In [27]:
import pyspark.sql.functions as F
from pyspark.sql import SparkSession
from pyspark.sql.window import Window


In [28]:
spark = SparkSession.builder.appName("LogAnalysis").getOrCreate()

log_df = spark.read.text("./Dlogs.txt")


In [29]:
log_df = log_df.select(
    F.from_unixtime(F.unix_timestamp(F.split(F.col("value"), ",")[0], "yyyy-MM-dd'T'HH:mm:ss'Z'")).alias("timestamp"),
    F.split(F.col("value"), ",")[1].alias("ip_address"),
    F.split(F.col("value"), ",")[2].alias("request_method"),
    F.split(F.col("value"), ",")[3].alias("endpoint"),
    F.split(F.col("value"), ",")[4].cast("int").alias("response_code"),
    F.split(F.col("value"), ",")[5].cast("int").alias("response_time")
)

In [30]:
endpoint_counts = log_df.groupBy("endpoint").count().orderBy("count", ascending=False)

endpoint_counts.show()

+---------+-----+
| endpoint|count|
+---------+-----+
|    /home| 1279|
| /contact| 1252|
|   /about| 1238|
|   /login| 1231|
+---------+-----+



In [31]:
hourly_traffic = log_df.withColumn("hour", F.hour("timestamp")) \
                            .groupBy("hour", "request_method") \
                            .count()

hourly_traffic.show()

+----+--------------+-----+
|hour|request_method|count|
+----+--------------+-----+
|  10|           GET|   54|
|  13|           GET|   59|
|   1|           PUT|   52|
|   9|          POST|   53|
|  20|           PUT|   53|
|  19|           PUT|   47|
|   2|           PUT|   37|
|  20|        DELETE|   50|
|  22|          POST|   51|
|   1|          POST|   52|
|   2|        DELETE|   42|
|  15|          POST|   66|
|  21|           PUT|   47|
|   4|           PUT|   52|
|  16|           GET|   46|
|   4|           GET|   47|
|  19|        DELETE|   41|
|  22|           GET|   45|
|  23|          POST|   52|
|   7|          POST|   33|
+----+--------------+-----+
only showing top 20 rows



In [32]:
error_df = log_df.filter(F.col("response_code").between(400, 599))

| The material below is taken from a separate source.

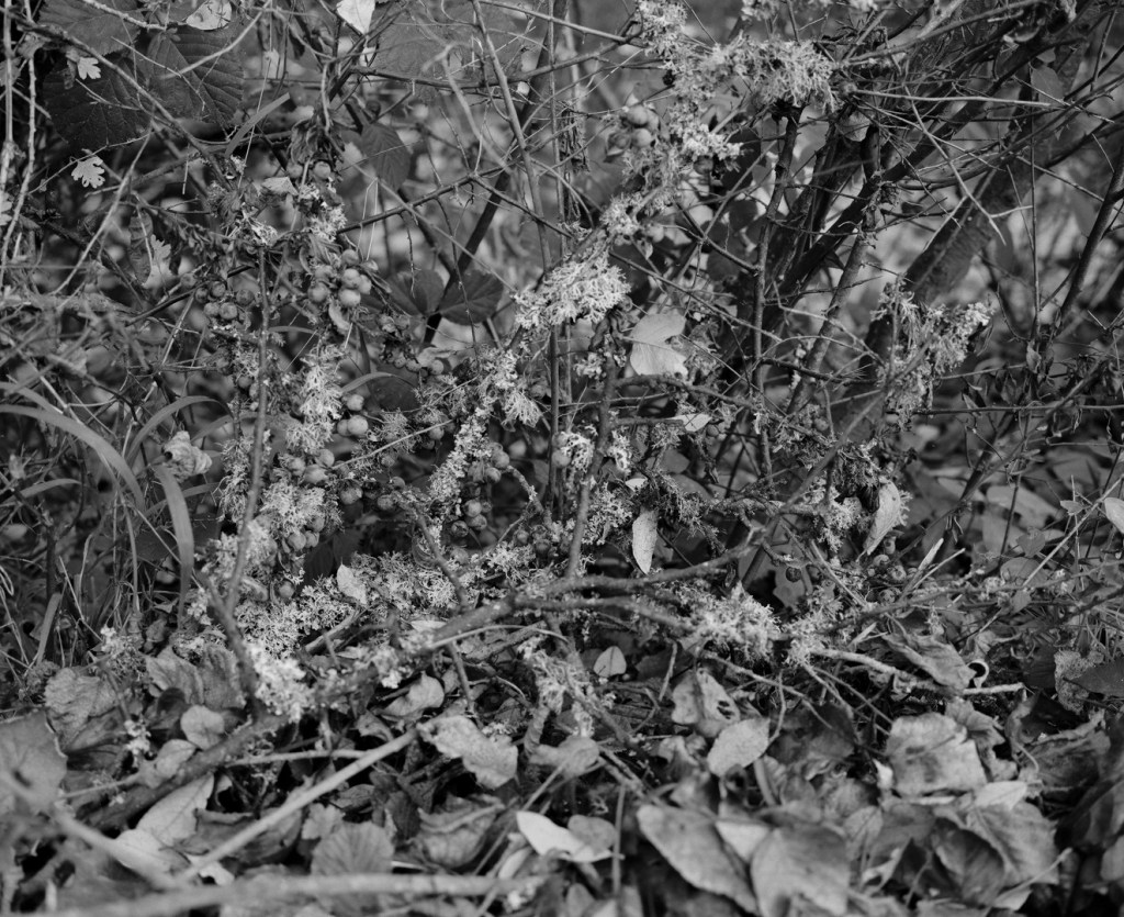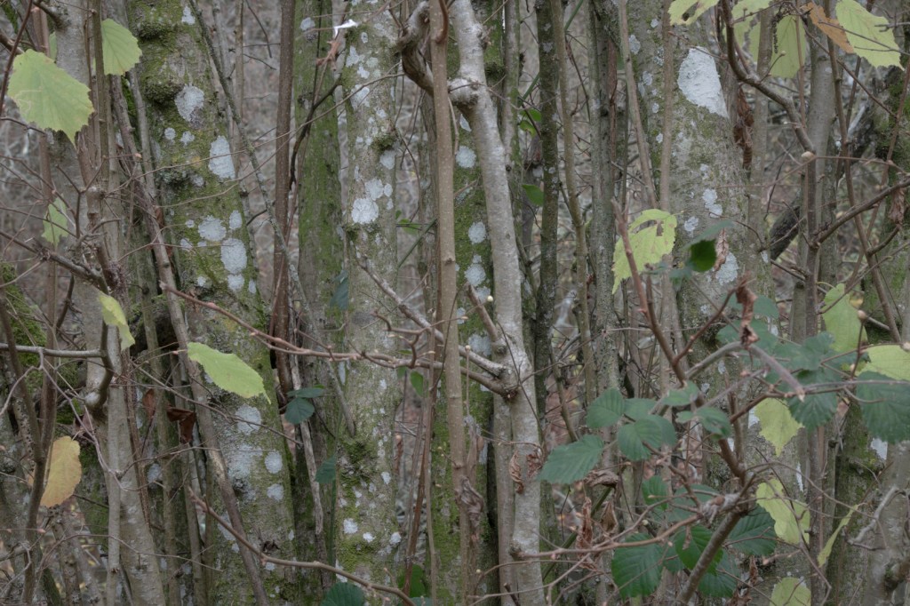 The close shots of moss, berries and lichen indicate the time of year and are intended to be a closer study of the environment and can be a way for knowledgable viewers to read the place, understanding what thrives and where, what sort of woodland this is, how old it might be etc. The woodland trust has a useful guide for ‘indicator species’ of lichen, for this purpose: https://www.woodlandtrust.org.uk/blog/2019/04/what-is-lichen-seven-types-of-lichen-found-on-trees/

error_by_endpoint = error_df.groupBy("endpoint").count()

error_by_endpoint.show()

+---------+-----+
| endpoint|count|
+---------+-----+
|   /login|  901|
|    /home|  974|
| /contact|  955|
|   /about|  940|
+---------+-----+



In [33]:
avg_response_times = log_df.groupBy("endpoint").avg("response_time")

avg_response_times.orderBy("avg(response_time)", ascending=False).show()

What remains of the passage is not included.